That said I think you too need to be open to that Red Hat, like yourself
and any other participant in the Fedora project does so because there is
a sense of self interest. That self interest may wary from enjoyment of
community, to skills building, or to Fedora providing a solution to a
technical problem you have. Red Hat is not investing heavily in Fedora
in terms of infrastructure and development resources just because we as
a company needs a place to spend money, if that was the case I am sure
you would agree we should instead donate the money to the Red Cross or
similar.
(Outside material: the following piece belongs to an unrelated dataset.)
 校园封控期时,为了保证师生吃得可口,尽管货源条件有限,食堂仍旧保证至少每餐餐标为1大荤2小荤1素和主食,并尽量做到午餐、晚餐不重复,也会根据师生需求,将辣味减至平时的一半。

The reason Red Hat invests in Fedora is because Fedora plays an
important part in both product development and in innovating new
technologies.

So if Fedora ends up not being interesting or useful to you personally
anymore I assume you would leave Fedora behind, the same is true for Red
Hat.

So I think part of the reason we end up having these kinds of argument
it is because for a long time maybe both inside and outside Red Hat
there has been a pretense that Red Hat as a company has no direct
interest in Fedora and that Red Hats resources and contributions to the
project is a given, no matter what. Red Hats involvement in Fedora has
somehow become the unspoken of elephant in the room. Maybe what we need
to do is instead start speaking openly of why Red Hat wants to be
involved with Fedora.

So you mention that some Red Hat employees have bypassed processes, and
I am sure this has happened, but that is a direct consequence of that
Fedora not being a 'random' distro for Red Hat, but an integral part of
our product development. I mean there is no secret that RHEL is built
from Fedora. The tools used to build Fedora overlap and intermingle with
the tools used for building RHEL. So I am not saying that makes
everything ok, but what I want to say is that we need to accept that
these things doesn't happen out of malice, and work together to find
solutions for how they can be handled better going forward in a way that
is mutually beneficial and acceptable to all.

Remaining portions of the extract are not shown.